In a previous post I wrote about Phillip Henry Gosse and the account he penned of his short stay in Pleasant Hill, readers may wish to scroll down to that entry to learn more about this gentleman and the village he called home in the late 1830’s.

Gosse described the homes in Pleasant Hill, even for the wealthier citizens, as crude log houses and log dog-trots which fell into ruins and rotted away decades ago, but the countryside is still much as Gosse saw it.  It is rural, largely unsettled, and consists primarily of fields and pastures.  It is just the sort of place where one could sit on a porch swing in the gentle southern breeze watching grandchildren play or shelling peas for supper, without traffic noises and unwanted intruders.   
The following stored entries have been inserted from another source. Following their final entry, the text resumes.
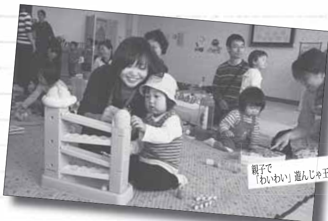
親子で「わいわい」遊んじゃ王国
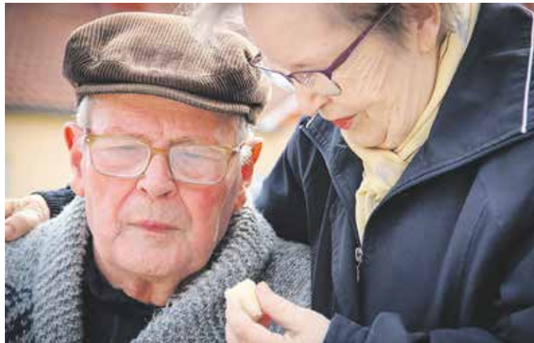
ODBORNÍCI varují, že někteří staří lidé vinou svého zdravotního stavu nezvládnou práci s datovou schránkou. Přijdou tak o bydlení?

Ředitelka Platformy pro sociální bydlení Barbora Bírová
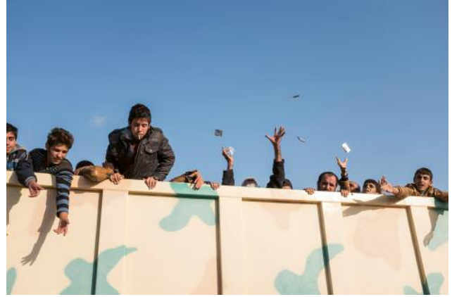
8_Men loaded in the back of a truck try to catch packs of cigarettes thrown at them by peshmergas. Smoking was forbidden under ISIS and punishable by imprisonment.
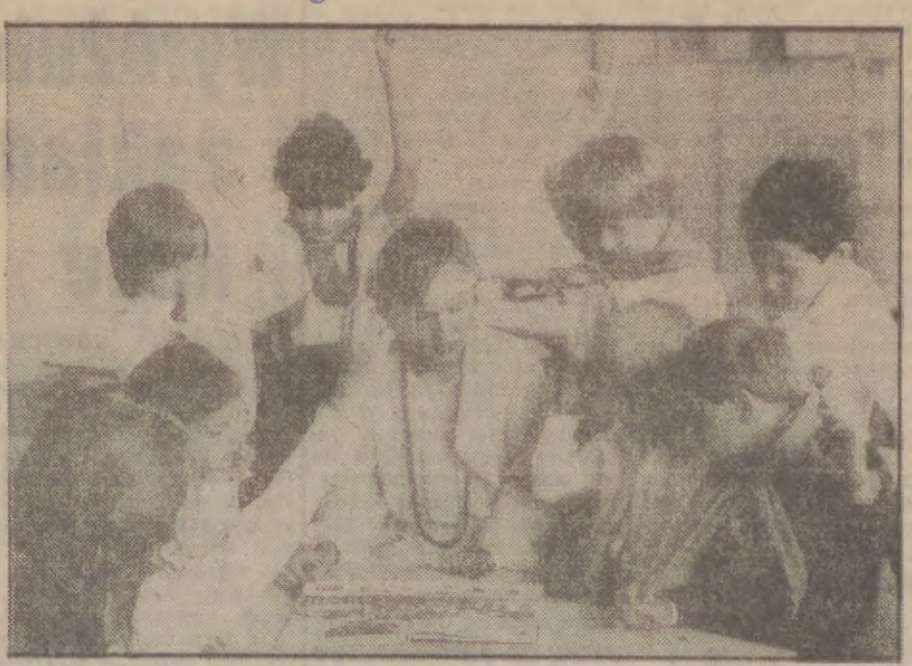
Pierwszy dzień w szkole. Niektóre dzieci już się znają, razem chodzą...
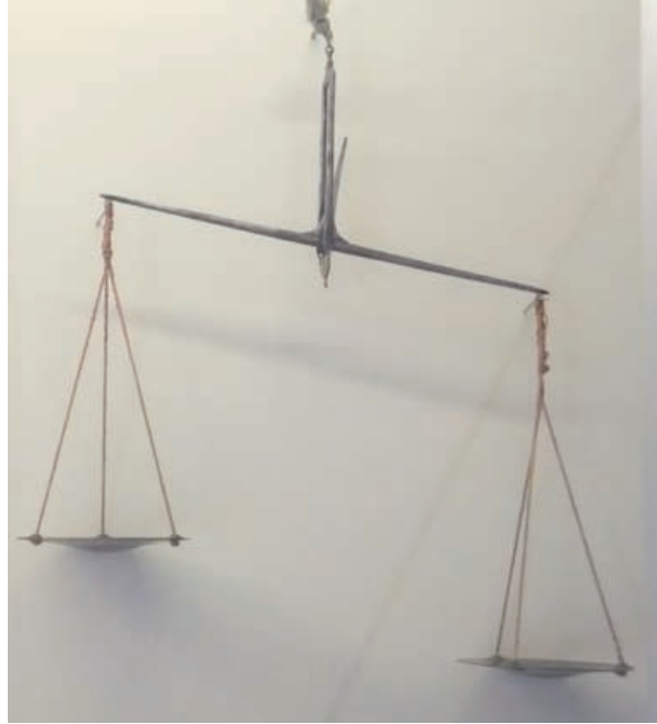
Fuente: Guerrit Dou. El pesador de oro, 1664.

El mecanismo habitual que se había utilizado en toda Castilla desde el reinado de Carlos I para solucionar estos problemas era que los habitantes de la aldea compraran al rey el título de villa.

These photos were taken on an excursion Martin and I took to retrace the footsteps of Phillip Henry Gosse.  The antebellum home pictured here and the larger of the two churches were built about a decade after Gosse returned to England, but the country side is not so different from the way he discovered it.  Enjoy, gentle reader, a short stroll through the village of Pleasant Hill.  Victoria Rumble, The Historic Foodie

This church stood when Gosse lived in Pleasant Hill, and if he attended church at all, this is where he worshipped.  The church is within walking distance of the home where Gosse worked as a teacher. The graves of his employer’s family, Judge Saffold, are not located in the cemetery, they are buried on the property where the home stands now.